The loss surface has a local minimum near the initial guess $\theta_0$ . For most models, multiple local minima exist — global optimisation or multi-start is needed in production.

The Nonlinear Least-Squares Objective

Define residuals $r: \mathbb{R}^p \to \mathbb{R}^N$ :

$r_i(\theta) = w_i \bigl(\sigma_{\mathrm{model}}(K_i, T_i; \theta) - \hat{\sigma}_i\bigr), \qquad i = 1, \ldots, N,$

where $w_i > 0$ are weights (typically proportional to the liquidity or inverse bid-ask spread of instrument $i$ ). The objective is:

$F(\theta) = \frac{1}{2}\|r(\theta)\|^2 = \frac{1}{2}\sum_{i=1}^N r_i(\theta)^2.$

The factor $1/2$ is conventional and simplifies gradient expressions. The calibration seeks:

$\theta^* = \arg\min_{\theta \in \Theta} F(\theta),$

subject to box constraints $\Theta = \{\theta : \ell \leq \theta \leq u\}$ (e.g., $\kappa > 0$ , $\rho \in (-1, 1)$ ).

Theory: Levenberg-Marquardt

Gauss-Newton as the Foundation

The gradient and Hessian of $F$ are:

$\nabla F(\theta) = J(\theta)^\top r(\theta), \qquad \nabla^2 F(\theta) = J(\theta)^\top J(\theta) + \sum_{i=1}^N r_i(\theta) \nabla^2 r_i(\theta),$

where $J \in \mathbb{R}^{N \times p}$ is the Jacobian matrix with $J_{ij} = \partial r_i / \partial \theta_j$ .

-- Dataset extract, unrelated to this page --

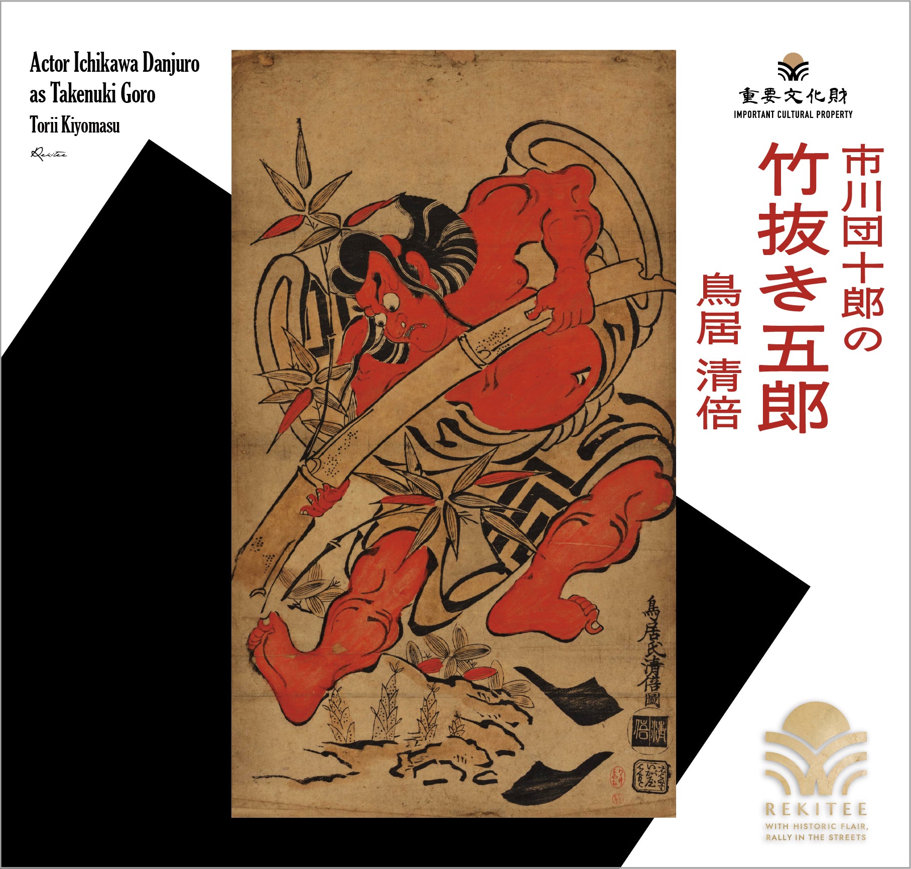 This ukiyo-e depicts Ichikawa Danjuro I performing kabuki in 1697. The portrayal is highly stylized to emphasize the character's dramatic presence, employing techniques such as exaggerated musculature in the limbs, legs tapered into gourd-like shapes, and bold, dynamic brushstrokes that convey a sense of movement.

The Gauss-Newton (GN) approximation drops the second-order term (the sum of $r_i \nabla^2 r_i$ ), giving:

$\nabla^2 F(\theta) \approx J^\top J.$

This is exact when the residuals $r_i$ are small (near the solution). The GN update solves:

$(J^\top J)\, \delta\theta = -J^\top r, \qquad \theta \leftarrow \theta + \delta\theta.$

GN converges quadratically when the residuals are small and the problem is well-conditioned, but fails when $J^\top J$ is singular or ill-conditioned (degenerate directions in parameter space).

The LM Damping Term

Levenberg-Marquardt adds a damping term $\lambda D$ to $J^\top J$ :

$(J^\top J + \lambda D)\, \delta\theta = -J^\top r,$

where $\lambda > 0$ is the damping parameter and $D$ is a diagonal matrix.

Two standard choices for $D$ :

Levenberg (1944): $D = I$ (identity). Moves in the steepest-descent direction when $\lambda$ is large.
Marquardt (1963): $D = \mathrm{diag}(J^\top J)$ . Scales each parameter direction by its gradient curvature, making the step invariant to parameter rescaling. This is the standard choice.

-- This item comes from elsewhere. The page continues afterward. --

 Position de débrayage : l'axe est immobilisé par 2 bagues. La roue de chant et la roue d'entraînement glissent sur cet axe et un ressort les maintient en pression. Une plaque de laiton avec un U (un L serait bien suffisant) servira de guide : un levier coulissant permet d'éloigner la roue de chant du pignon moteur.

Interpolation between GN and gradient descent. When $\lambda \to 0$ : the equation becomes $J^\top J\, \delta\theta = -J^\top r$ , i.e., Gauss-Newton. When $\lambda \to \infty$ : the update becomes $\delta\theta \approx -(\lambda D)^{-1} J^\top r$ , a scaled steepest-descent step. LM adaptively chooses between these extremes.

Geometric Interpretation

The LM step minimises a quadratic approximation to $F$ within a trust region:

$\delta\theta_{\mathrm{LM}} = \arg\min_{\delta\theta} \left\{\tfrac{1}{2}\|J\delta\theta + r\|^2\right\} \quad \text{subject to} \quad \|\delta\theta\| \leq \Delta,$

for some trust-region radius $\Delta$ . The damping $\lambda$ is the Lagrange multiplier for the constraint. Large $\lambda$ corresponds to a small trust region (conservative step); small $\lambda$ allows a large step.

Damping Parameter Update Rule

A standard update rule (Marquardt 1963, as refined by Moré 1978):

Evaluate proposed step: $\delta\theta_{\mathrm{LM}} = -(J^\top J + \lambda D)^{-1} J^\top r$ .
Compute gain ratio: $\rho = \frac{F(\theta) - F(\theta + \delta\theta)}{\mathcal{L}(\theta) - \mathcal{L}(\theta + \delta\theta)},$ where $\mathcal{L}$ is the quadratic model: $\mathcal{L}(\theta + \delta) = F(\theta) + \delta^\top J^\top r + \tfrac{1}{2}\delta^\top J^\top J \delta$ .
Accept the step if $\rho > \rho_{\min}$ (e.g., $\rho_{\min} = 0.25$ ): set $\theta \leftarrow \theta + \delta\theta$ and decrease $\lambda$ (e.g., $\lambda \leftarrow \lambda/3$ ).
Reject the step if $\rho \leq \rho_{\min}$ : increase $\lambda$ (e.g., $\lambda \leftarrow \lambda \times 3$ ) and retry.

This self-tuning makes LM robust: it contracts to gradient descent near bad regions and expands to GN near the solution.

Jacobian Computation

The Jacobian $J_{ij} = \partial r_i / \partial \theta_j = w_i \, \partial \sigma_{\mathrm{model}}(K_i, T_i; \theta) / \partial \theta_j$ is the most expensive part of LM calibration.

Finite Differences (FD)

Forward differences (first-order accurate, order $O(h)$ ):

$J_{ij} \approx \frac{r_i(\theta + h e_j) - r_i(\theta)}{h}.$

Requires $p$ extra model evaluations per iteration (one per parameter direction). For Heston with $p = 5$ parameters and $N = 50$ instruments, this is $5 \times 50 = 250$ Fourier integrals per LM step.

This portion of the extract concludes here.